Gov. Beshear says he will challenge Trump’s funding cuts to health-related grant programs in Kentucky

Kentucky’s health departments are set to lose nearly $150 million in health-related grants after the Trump administration announced it would cancel the state’s Covid-19 health care grants, Sylvia Goodman reports for Kentucky Public Radio.
The grant money is used for childhood vaccines, suicide prevention, community health workers and addiction treatment services, she writes.
Kendra Steele, a spokesperson for the Kentucky Cabinet for Health and Family Services, told Goodman that these cuts would delay some childhood vaccine orders, bi-annual vaccine provider re-enrollment and vaccination outreach, education and services programs.
“The cuts will also affect the Purple Star Program, which supports military-connected children, and the delivery of addiction treatment services. She said the Trump administration also eliminates a grant to develop community health workers across the state, and affects grants supporting staffing at youth drop-in centers and call centers for the 988 suicide prevention and crisis hotline,” Goodman writes.

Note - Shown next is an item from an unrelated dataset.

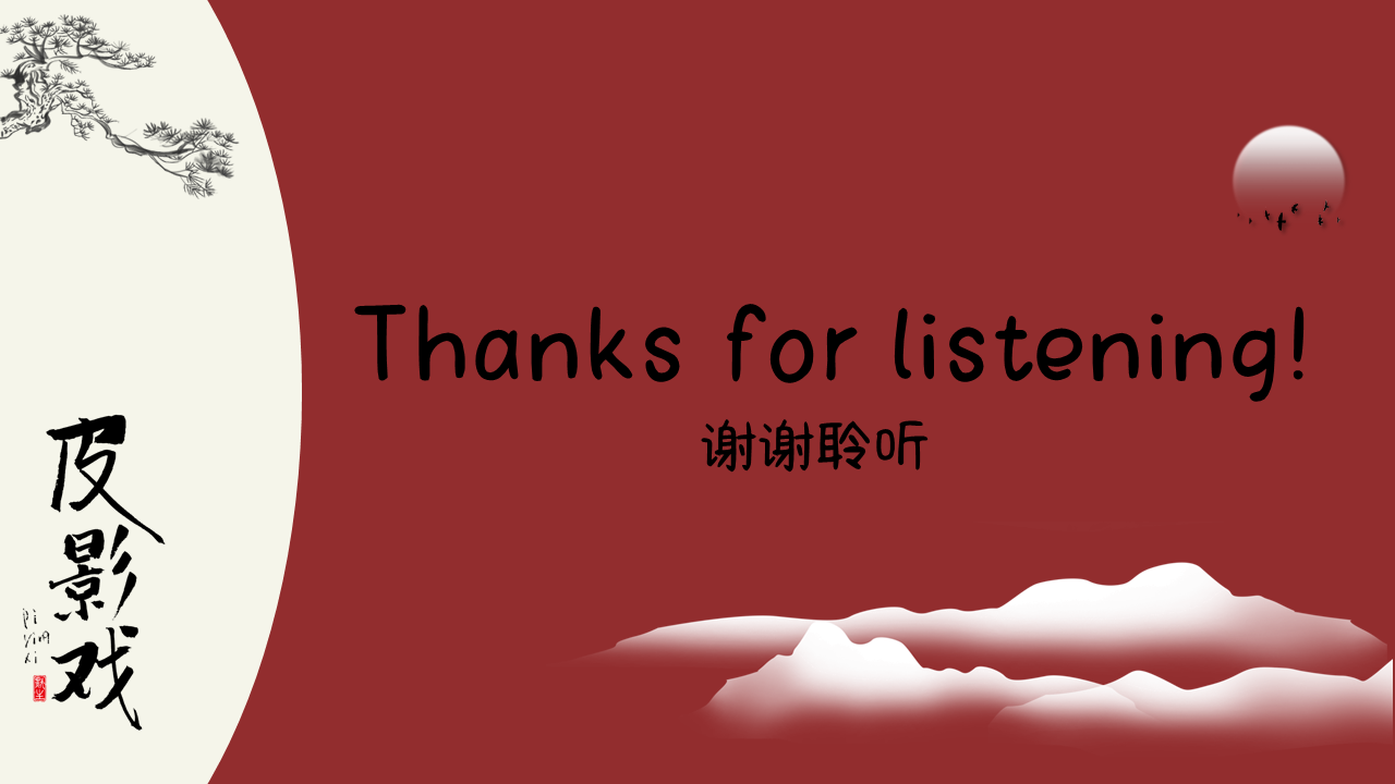 Shadow plays are infused with ingenuity, simplicity, tradition and fashion. Artists carry forward the culture from generation to generation. Because of love, to practice skilled skills; Because of love, just play deeply moving. Let us jointly protect this cultural classic – shadow play!

These cancellations come as the U.S. Department of Health and Human Services announced it was canceling $11.4 billion in federal grants to state and local health departments during the Covid-19 pandemic. The funds were set to run through September.
HHS says it is making these cuts because the pandemic is over.
“The Covid-19 pandemic is over, and HHS will no longer waste billions of taxpayer dollars responding to a non-existent pandemic that Americans moved on from years ago,” the federal health department said in the termination notice.

In his Team Kentucky update on Thursday, March 27, Gov. Andy Beshear said he intends to challenge the grant cancellations.
“We have received notice of grants being canceled,” Beshear said. “It’s an unlawful cancellation and we’ll challenge it. These are contracts that we have. The contracts can only be terminated for cause, which means somebody did something wrong and they are trying to define cause as the pandemic’s over. That’s not a legal argument.”
Beshear also said he is worried about the 10,000 federal workers being laid off at HHS, especially with bird flu and measles outbreaks ongoing.